We also believe that the total amount of time Acosta was detained was reasonable in relation to the purpose of the stop. Although the record is not entirely clear, it appears that Acosta was first stopped at approximately 11:05 a.m. and that he was arrested sometime after 11:25 a.m., at which time he signed the consent form permitting a search of his vehicle. Acosta claims that he was detained at least thirty minutes prior to his formal arrest, but even if we take that as given the result is still the same. Thirty minutes duration is not beyond the pale of reasonableness for Terry stops, as our prior decisions make clear. In Gil, a drug-conspiracy case, we rejected the defendant's contention that because she was detained for approximately seventy-five minutes in handcuffs in the back of a patrol car her detention exceeded the duration of an allowable Terry stop and ripened into a full scale arrest. 204 F.3d at 1350. In Hardy, a drug-conspiracy case, we approved a Terry stop of fifty minutes duration. 855 F.2d at 761. By contrast, in Place, a drug possession case, the Supreme Court noted that, although it was unwilling to set an absolute time limit, the ninety minute detention of the suspect's luggage in that case was too long for a Terry stop.
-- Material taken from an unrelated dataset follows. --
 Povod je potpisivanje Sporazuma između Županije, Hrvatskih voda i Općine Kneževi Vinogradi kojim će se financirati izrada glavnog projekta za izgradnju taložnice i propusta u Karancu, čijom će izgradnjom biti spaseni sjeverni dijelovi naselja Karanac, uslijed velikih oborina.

Place, 462 U.S. at 709-10, 103 S.Ct. at 2645-46. Considering the circumstances, and in light of existing precedent, thirty minutes was a reasonable duration for this Terry stop.
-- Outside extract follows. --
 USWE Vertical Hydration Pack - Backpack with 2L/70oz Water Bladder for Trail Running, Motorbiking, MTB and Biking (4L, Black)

Having concluded that the officers had reasonable suspicion to justify a Terry stop, and that the stop did not mature into de facto arrest before there was probable cause, we turn to Acosta's next attack on the admissibility of the evidence obtained as a result of the stop.
Acosta contends that he was in “custody” for Miranda purposes from the time he was first stopped and therefore the officers should have read him his rights at that time instead of waiting until after they told him he was under arrest. The district court did not address this issue in its order, nor did the magistrate judge in his corrected report and recommendation. We do address the issue, because Acosta raised it in his motion to suppress and in his briefs to us.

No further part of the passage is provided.